At this instant, in this frame, the coordinate acceleration of either proton is equal to its proper acceleration (the acceleration as measured by an 'accelerometer' on the proton)

However, in the lab frame, special relativity dictates that the coordinate acceleration of the protons away from each other $(\mathbf{a}'_\perp)$ is actually less than the proper acceleration away from each other $(\boldsymbol{\alpha}_\perp)$:

$$\mathbf{a}'_\perp = \frac{1}{\gamma^2}\boldsymbol{\alpha}_\perp$$

But we also have that

$$\mathbf{F}'_\perp = \gamma m_p \mathbf{a}'_\perp$$

$$\mathbf{F}_\perp = m_p \boldsymbol{\alpha}_\perp$$

Thus, it must be that

$$\mathbf{F}'_\perp = \frac{1}{\gamma}\mathbf{F}_\perp$$

That is, in the lab frame, there is less of a repulsive force on each proton.

Since charge is Lorentz invariant, the electric force of repulsion between the protons is unchanged from the (momentary) rest frame and so, if there were only an electric force, there would be an inconsistency.

However, there is also an attractive magnetic force component in the lab frame and so, the electromagnetic force of repulsion between the protons is less in the lab frame and is thus consistent with SR.

To be sure, let's check the calculation. The fields at the location of the 'upper' proton due to the 'lower' proton in the momentary rest frame transform to the lab frame as

$$\begin{align} & \mathbf {{E}_{\parallel}}' = \mathbf {{E}_{\parallel}}\\ & \mathbf {{B}_{\parallel}}' = \mathbf {{B}_{\parallel}} = 0\\ & \mathbf {{E}_{\bot}}'= \gamma \left( \mathbf {E}_{\bot} + \mathbf{ v} \times \mathbf {B} \right) = \gamma \mathbf {E}_{\bot} = \gamma \frac{e}{4\pi\epsilon_0d^2}\hat{\mathbf{z}}\\ & \mathbf {{B}_{\bot}}'= \gamma \left( \mathbf {B}_{\bot} -\frac{1}{c^2} \mathbf{ v} \times \mathbf {E} \right) = -\gamma \frac{1}{c^2} \mathbf{ v} \times \mathbf {E} = +\gamma \frac{v}{c^2}\frac{e}{4\pi\epsilon_0d^2}\hat{\mathbf{x}} \end{align}$$

where the lab frame has velocity $\mathbf{v} = -v\hat{\mathbf{y}}$ in the momentary rest frame.

Since the protons have zero velocity in the momentary rest frame, the Lorentz force on the 'upper' proton is

$$\mathbf{F} = e\left(\mathbf{E} + \mathbf{0} \times \mathbf{B} \right) = \frac{e^2}{4\pi\epsilon_0d^2}\hat{\mathbf{z}}$$

In the lab frame, the velocity of the protons is $\mathbf{u} = v\hat{\mathbf{y}}$ and the Lorentz force is

$$\mathbf{F}' = e\left(\mathbf{E}' + \mathbf{u} \times \mathbf{B}' \right)\frac{e^2}{4\pi\epsilon_0z^2} \gamma\left(1 - \frac{v^2}{c^2} \right)\hat{\mathbf{z}} = \frac{1}{\gamma}\mathbf{F}$$

as desired.


You are right that the two moving protons feel an attractive force and therefore have a smaller acceleration away from each other.

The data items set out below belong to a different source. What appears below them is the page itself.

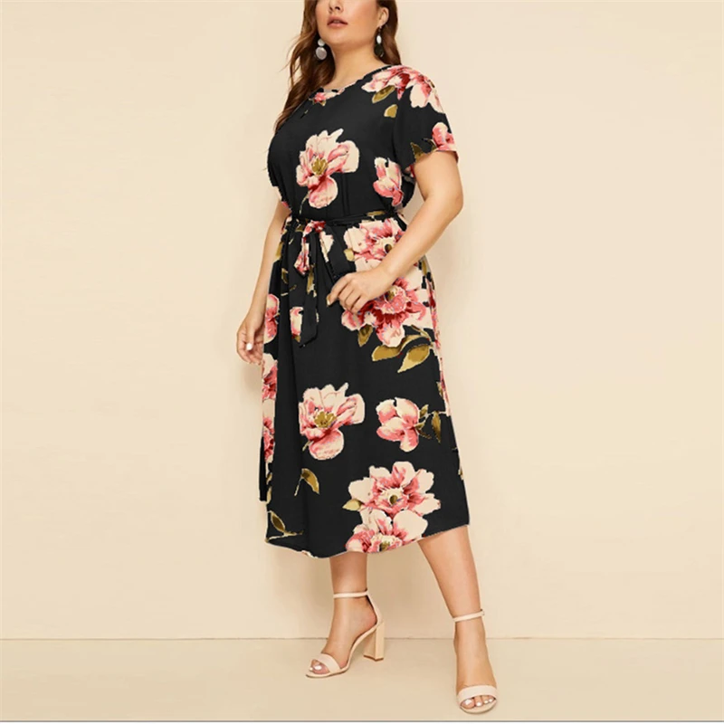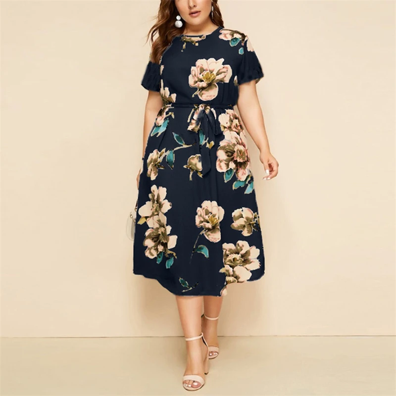 Женское шифоновое платье с цветочным принтом, круглым вырезом и коротким рукавом
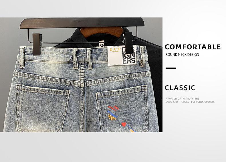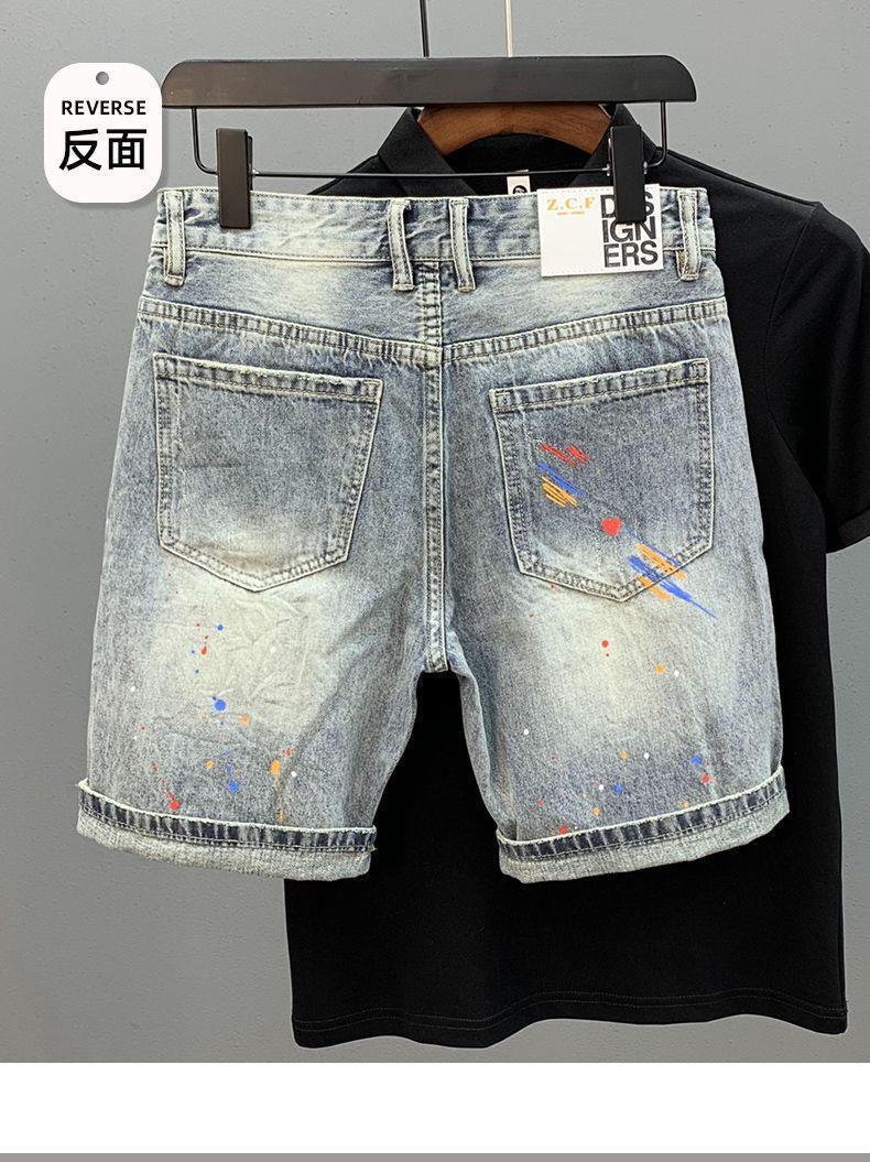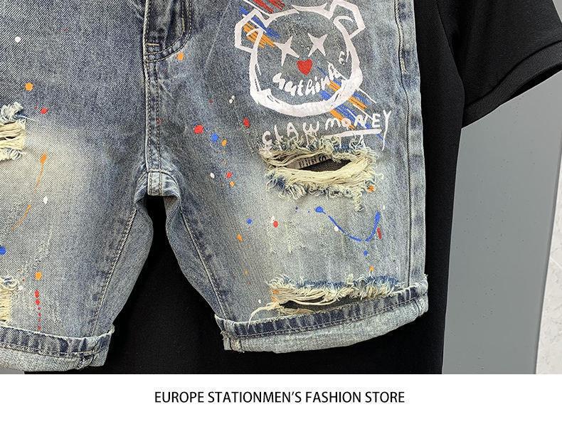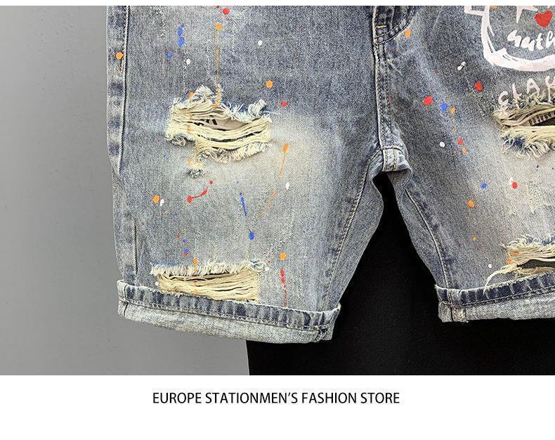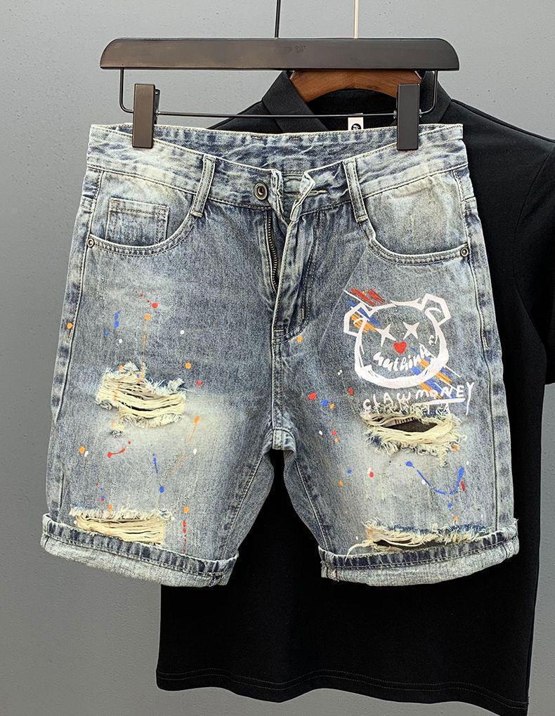 구멍 데님 고양이 반바지 남성 맞춤형 인쇄 스플래시 잉크 2023 여름 새로운 한국 스타일 슬림-적합 유행 브랜드 쿼드 바지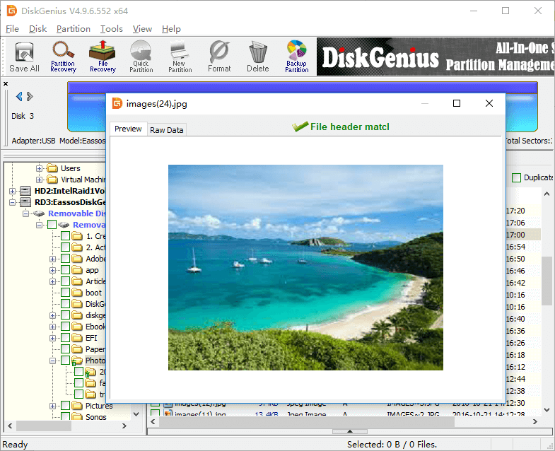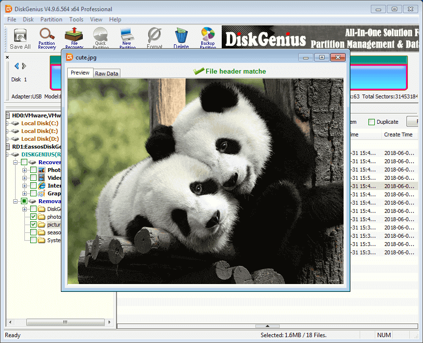 วิธีการใช้งานโปรแกรมกู้ข้อมูล DiskGenius Data Recovery ก็แสนง่าย เพียงแค่เลือกไดร์ฟ (Drive) ที่ต้องการทางด้านซ้าย แล้วก็กดสแกน เมื่อค้นหาเสร็จแล้ว ก็สามารถเปิดดูตัวอย่าง (Preview) ไฟล์ก่อนทำการกู้ข้อมูลได้เลย เพียงแค่ 3 ขั้นตอนเท่านั้น เหล่าไฟล์ที่เคยหายไปก็จะถูกกู้กลับมาทันที
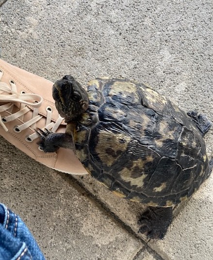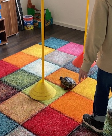 Und last but not least: die Wasserschildkröte 🙂 Sie verlässt gerne ihr Aquarium und freut sich über jeden Kontakt zu Menschen.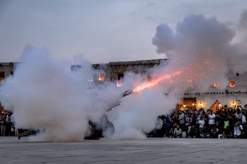 يطلق جنود القطريين المدفع الذي يحدد نهاية يوم الصيام الأخير من شهر رمضان المسلمين ويشيرون إلى أن يتناول الناس وجبة “الإفطار” السريعة ، في Souq Waqif Bazaar في الدوحة في 9 أبريل 2024 (تصوير Karim Jaafar/AFP عبر صور Getty)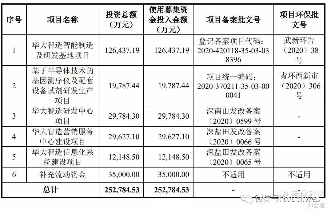 此次募资中12.6亿元用于华大智造智能制造及研发基地项目,1.98亿元用于基于半导体技术的基因测序仪及配套设备试剂研发生产项目、近3亿元用于华大智造研发中心项目、近3亿元用于华大智造营销服务中心建设项目。

There are two ways to get this result.

The first way, as you already know, is to see that the electrostatic force is partially canceled by a magnetic force.

The second way to see it is to find the acceleration by boosting (lorentz transforming) the protons from their reference frame. When the boost is done, the acceleration will be reduced due to time dilation, so you again get a smaller acceleration.

If you go through and do the math (which might be very complicated, at least for calculating the magentic fields of point charges) you should get that the answers of these two methods are the same.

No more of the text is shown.